To do »
An exact restatement of the data is required, with the images omitted.

Dataset excerpt »
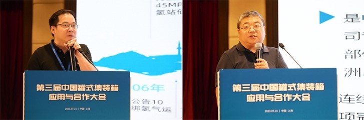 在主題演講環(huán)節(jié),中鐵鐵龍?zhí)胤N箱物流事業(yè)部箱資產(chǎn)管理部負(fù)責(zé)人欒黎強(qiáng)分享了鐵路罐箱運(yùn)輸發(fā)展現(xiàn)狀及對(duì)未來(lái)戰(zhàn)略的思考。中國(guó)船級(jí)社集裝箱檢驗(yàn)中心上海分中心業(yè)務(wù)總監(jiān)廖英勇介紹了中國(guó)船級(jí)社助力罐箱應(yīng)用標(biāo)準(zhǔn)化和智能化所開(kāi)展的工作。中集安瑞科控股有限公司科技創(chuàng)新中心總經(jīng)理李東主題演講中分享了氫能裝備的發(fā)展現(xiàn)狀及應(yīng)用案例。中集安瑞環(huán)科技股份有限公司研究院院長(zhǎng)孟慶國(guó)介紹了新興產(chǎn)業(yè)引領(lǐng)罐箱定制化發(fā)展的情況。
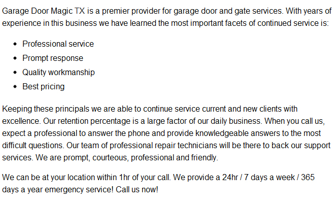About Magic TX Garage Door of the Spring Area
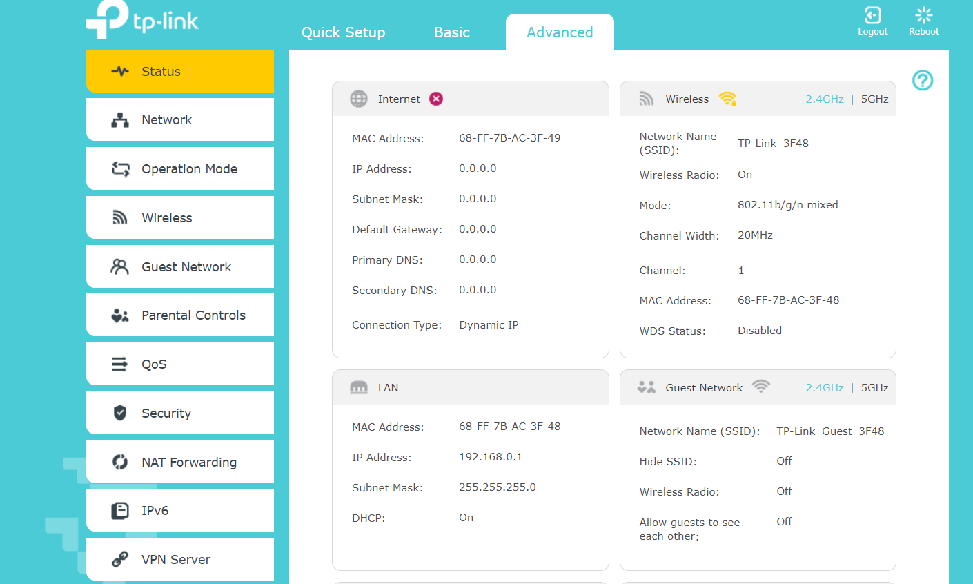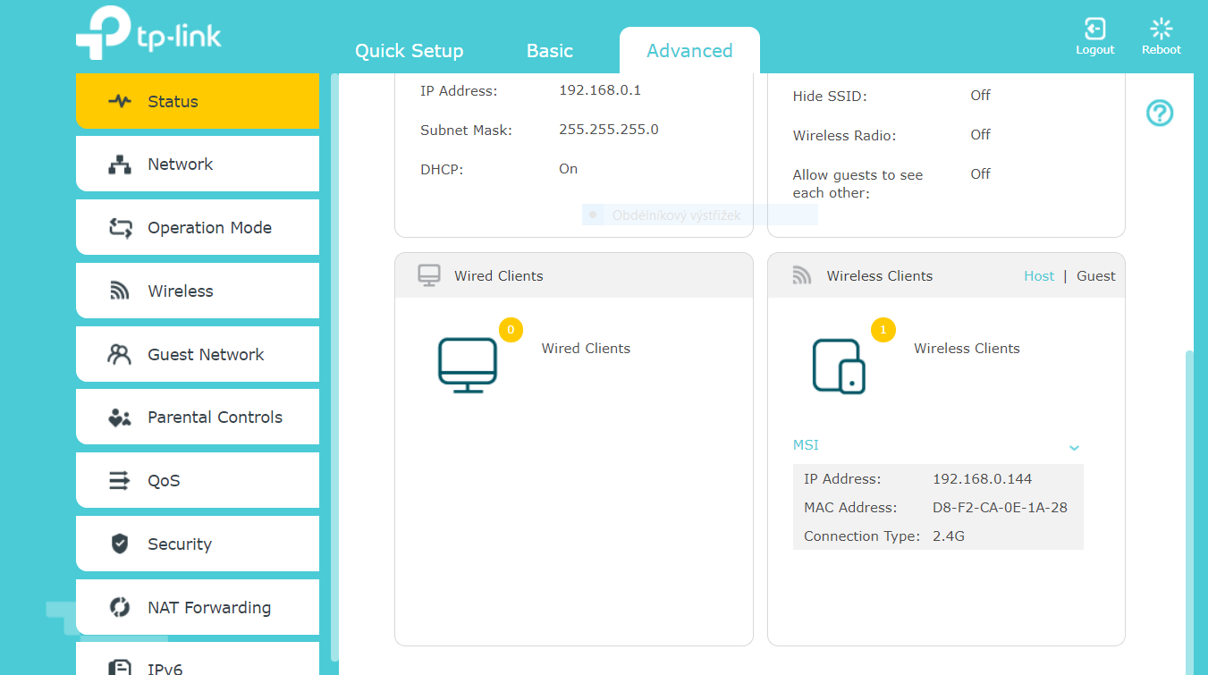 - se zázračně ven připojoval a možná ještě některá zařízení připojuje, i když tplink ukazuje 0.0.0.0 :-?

Result of the exercise »
 在主題演講環(huán)節(jié),中鐵鐵龍?zhí)胤N箱物流事業(yè)部箱資產(chǎn)管理部負(fù)責(zé)人欒黎強(qiáng)分享了鐵路罐箱運(yùn)輸發(fā)展現(xiàn)狀及對(duì)未來(lái)戰(zhàn)略的思考。中國(guó)船級(jí)社集裝箱檢驗(yàn)中心上海分中心業(yè)務(wù)總監(jiān)廖英勇介紹了中國(guó)船級(jí)社助力罐箱應(yīng)用標(biāo)準(zhǔn)化和智能化所開(kāi)展的工作。中集安瑞科控股有限公司科技創(chuàng)新中心總經(jīng)理李東主題演講中分享了氫能裝備的發(fā)展現(xiàn)狀及應(yīng)用案例。中集安瑞環(huán)科技股份有限公司研究院院長(zhǎng)孟慶國(guó)介紹了新興產(chǎn)業(yè)引領(lǐng)罐箱定制化發(fā)展的情況。
About Magic TX Garage Door of the Spring Area
 - se zázračně ven připojoval a možná ještě některá zařízení připojuje, i když tplink ukazuje 0.0.0.0 :-?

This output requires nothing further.